California has succeeded in meeting and accelerating RPS goals through the innovation and commitment of the publicly-owned utilities, and through the work of a business community that understands the opportunity the clean energy market offers and the value of working as quickly as possible to mitigate the effects of greenhouse gas emissions. The state has truly benefitted from the advanced energy leadership of these two sectors. In fact, as of last year, nearly 30 percent of California's energy generation came from renewable resources — at the same time California was overtaking the United Kingdom to become the fifth-largest economy in the world.

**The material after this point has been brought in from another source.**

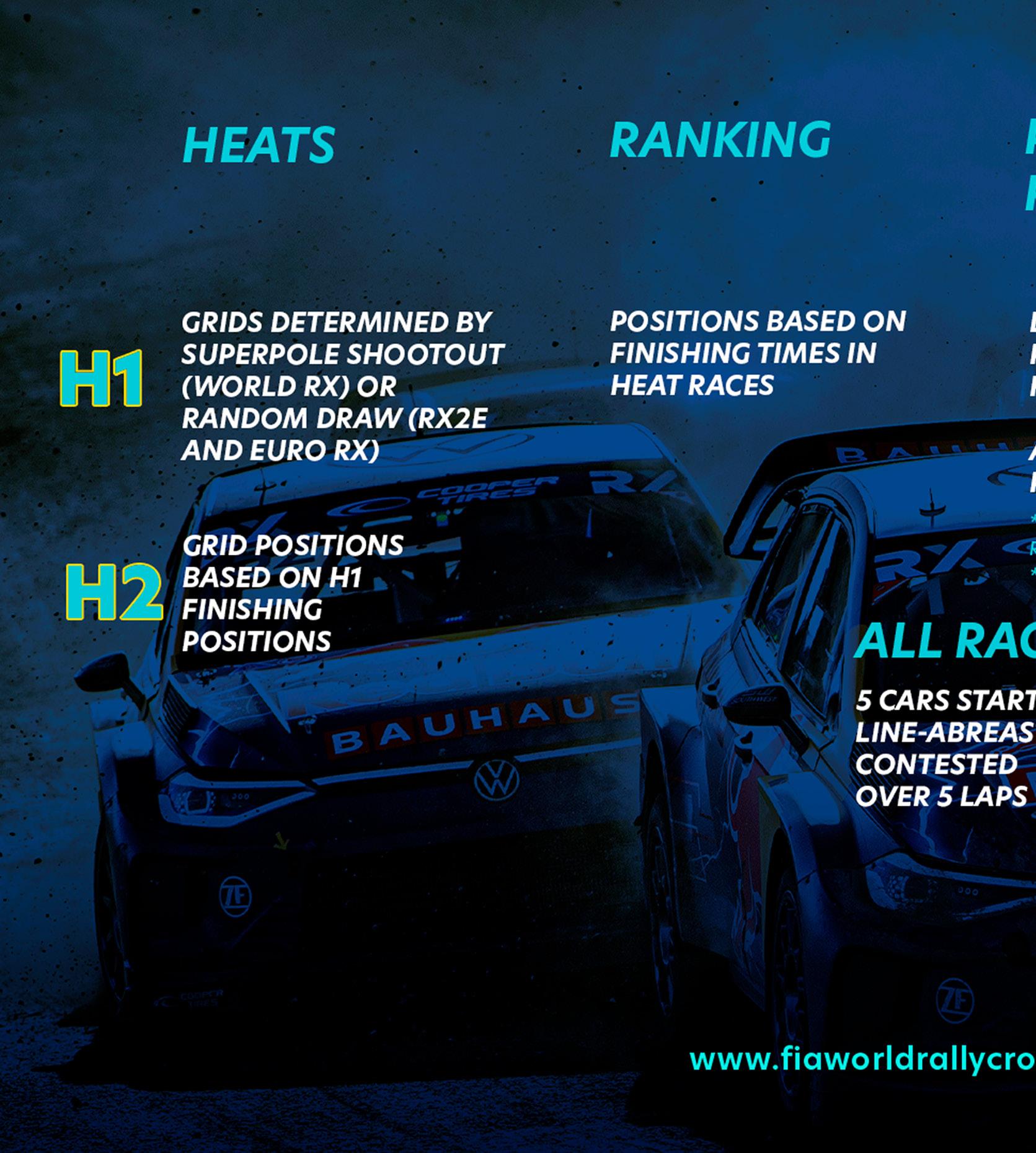 Cette année, le World RX passe à l'électrique dans la catégorie phare, la série s'orientant vers un avenir plus durable et plus respectueux de l'environnement. Ce sont les voitures les plus puissantes (générant 500kW - équivalent à 680bhp - et 880Nm de couple instantané), offrant des accélérations spectaculaires qui feront le spectacle.

Finally, it's essential to recognize that there is so much work left to be done. Take transportation, which is California's largest source of greenhouse gas emissions. Our next governor must establish a comprehensive vision for zero-emission transportation, including expanded access to zero emission vehicles (ZEVs), financing strategies for developing ZEV infrastructure such as charging stations, and advancement of alternative transportation for all communities, both urban and rural.

California's advanced energy future also requires a modern grid. We need a smart grid that minimizes energy waste and facilitates the secure, integrated and responsive flow of clean energy.

In our part of the state, as in others, Californians are already experiencing the toll that climate change can take on our beloved communities, treasured natural lands, and essential infrastructure. We know that more extreme weather, water scarcity, and wildfire risk are all ready to meet us in the coming years.

If we are committed to mitigating climate change and procuring the vast benefits that come with the clean energy economy, we have to ensure that California will continue to lead the nation — and the world — through continued commitments to climate action and clean energy. We're going to need a #CleanEconomyGovernor to make that happen.